> _Information given_:
=====
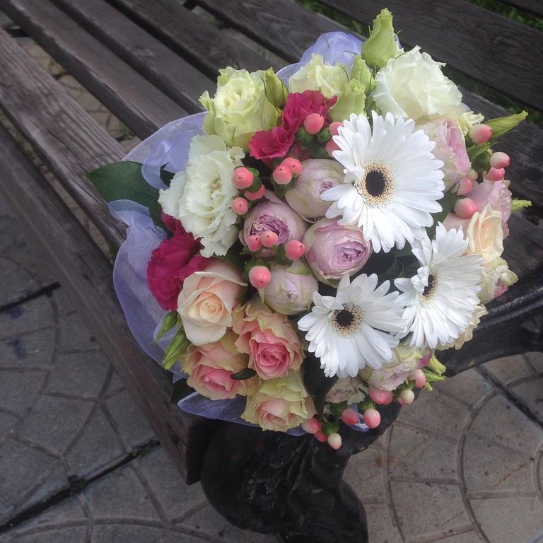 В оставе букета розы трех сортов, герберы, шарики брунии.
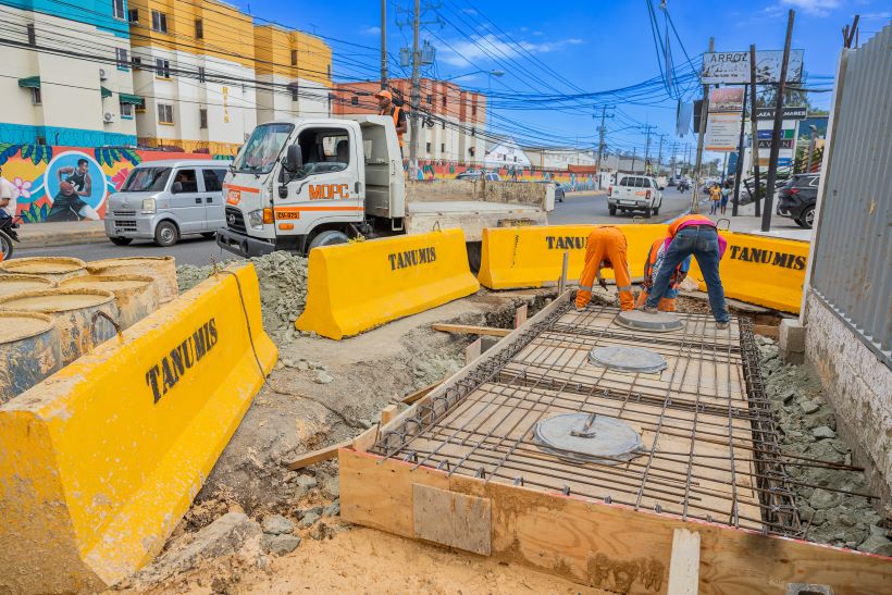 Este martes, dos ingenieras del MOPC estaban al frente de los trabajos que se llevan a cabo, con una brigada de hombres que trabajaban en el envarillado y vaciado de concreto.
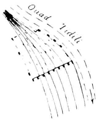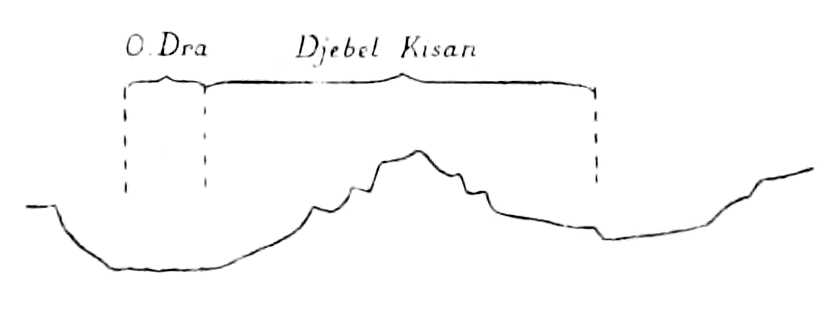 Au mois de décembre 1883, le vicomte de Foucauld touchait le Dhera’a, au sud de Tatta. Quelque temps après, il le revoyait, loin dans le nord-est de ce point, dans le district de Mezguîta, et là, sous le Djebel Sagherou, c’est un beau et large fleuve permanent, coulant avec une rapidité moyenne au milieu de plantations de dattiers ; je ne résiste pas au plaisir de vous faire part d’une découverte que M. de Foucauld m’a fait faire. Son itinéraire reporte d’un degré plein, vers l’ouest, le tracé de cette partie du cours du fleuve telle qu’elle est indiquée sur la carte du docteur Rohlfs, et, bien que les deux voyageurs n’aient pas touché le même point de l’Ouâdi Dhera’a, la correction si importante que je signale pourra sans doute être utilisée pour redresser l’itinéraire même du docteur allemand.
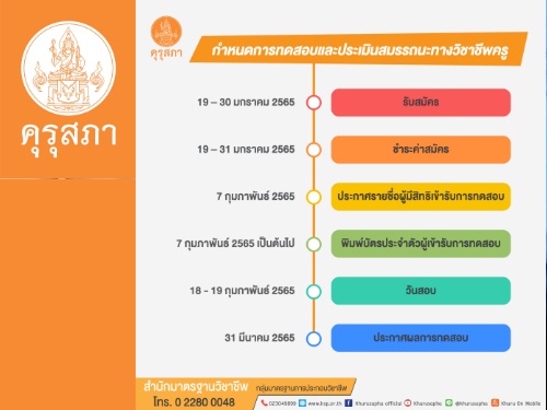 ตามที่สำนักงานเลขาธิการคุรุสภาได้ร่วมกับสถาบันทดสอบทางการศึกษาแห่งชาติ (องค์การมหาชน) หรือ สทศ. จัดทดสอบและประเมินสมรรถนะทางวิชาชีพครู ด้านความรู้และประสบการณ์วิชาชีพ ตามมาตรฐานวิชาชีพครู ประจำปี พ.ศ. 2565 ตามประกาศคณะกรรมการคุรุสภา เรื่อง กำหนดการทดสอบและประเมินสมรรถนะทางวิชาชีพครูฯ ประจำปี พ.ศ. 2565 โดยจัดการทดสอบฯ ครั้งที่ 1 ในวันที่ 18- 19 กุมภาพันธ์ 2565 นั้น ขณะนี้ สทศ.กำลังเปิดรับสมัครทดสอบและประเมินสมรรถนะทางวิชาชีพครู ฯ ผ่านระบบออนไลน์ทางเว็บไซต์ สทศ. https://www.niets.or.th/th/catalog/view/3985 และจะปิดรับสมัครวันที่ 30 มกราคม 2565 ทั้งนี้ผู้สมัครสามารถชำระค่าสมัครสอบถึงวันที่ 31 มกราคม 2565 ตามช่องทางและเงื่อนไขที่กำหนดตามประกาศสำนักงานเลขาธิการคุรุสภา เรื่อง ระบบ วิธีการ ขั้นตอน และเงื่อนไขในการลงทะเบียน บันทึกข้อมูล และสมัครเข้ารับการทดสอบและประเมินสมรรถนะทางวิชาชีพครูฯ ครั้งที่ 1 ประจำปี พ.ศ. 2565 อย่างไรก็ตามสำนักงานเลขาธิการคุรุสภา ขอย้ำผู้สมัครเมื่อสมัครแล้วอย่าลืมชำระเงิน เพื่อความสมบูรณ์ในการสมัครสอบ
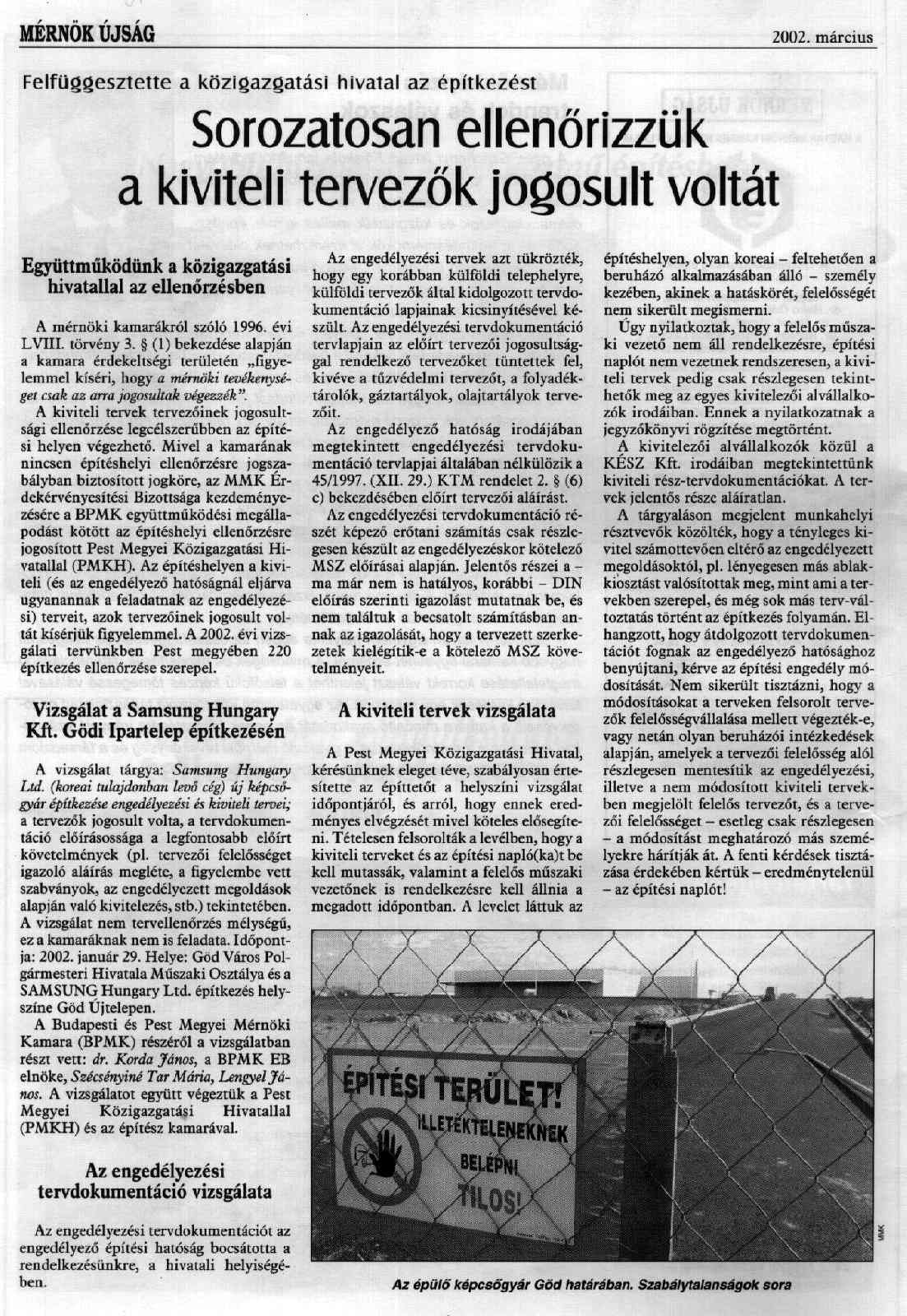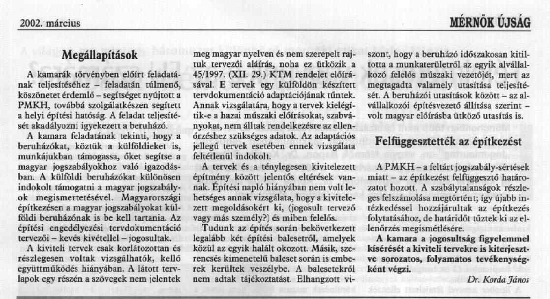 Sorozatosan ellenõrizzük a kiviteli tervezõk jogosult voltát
=====
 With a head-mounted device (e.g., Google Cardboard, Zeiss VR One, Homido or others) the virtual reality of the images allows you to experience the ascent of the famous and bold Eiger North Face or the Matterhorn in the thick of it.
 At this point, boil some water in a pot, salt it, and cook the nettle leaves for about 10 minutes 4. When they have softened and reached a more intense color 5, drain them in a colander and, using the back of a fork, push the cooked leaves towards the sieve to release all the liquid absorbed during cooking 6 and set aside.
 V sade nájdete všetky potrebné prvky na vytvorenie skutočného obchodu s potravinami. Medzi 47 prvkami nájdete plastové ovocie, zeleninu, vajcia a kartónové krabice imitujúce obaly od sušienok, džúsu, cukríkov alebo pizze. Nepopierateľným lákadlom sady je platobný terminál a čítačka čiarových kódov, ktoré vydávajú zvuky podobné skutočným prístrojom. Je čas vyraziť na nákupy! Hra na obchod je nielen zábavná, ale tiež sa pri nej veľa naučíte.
=====
> _Work to be completed_: Starting from the line with "В оставе букета" in the records above, repeat each line exactly until you have written the line with "Au mois de décembre", then stop; drop the pictures.

> _Expected answer_:
 В оставе букета розы трех сортов, герберы, шарики брунии.
 Este martes, dos ingenieras del MOPC estaban al frente de los trabajos que se llevan a cabo, con una brigada de hombres que trabajaban en el envarillado y vaciado de concreto.
 Au mois de décembre 1883, le vicomte de Foucauld touchait le Dhera’a, au sud de Tatta. Quelque temps après, il le revoyait, loin dans le nord-est de ce point, dans le district de Mezguîta, et là, sous le Djebel Sagherou, c’est un beau et large fleuve permanent, coulant avec une rapidité moyenne au milieu de plantations de dattiers ; je ne résiste pas au plaisir de vous faire part d’une découverte que M. de Foucauld m’a fait faire. Son itinéraire reporte d’un degré plein, vers l’ouest, le tracé de cette partie du cours du fleuve telle qu’elle est indiquée sur la carte du docteur Rohlfs, et, bien que les deux voyageurs n’aient pas touché le même point de l’Ouâdi Dhera’a, la correction si importante que je signale pourra sans doute être utilisée pour redresser l’itinéraire même du docteur allemand.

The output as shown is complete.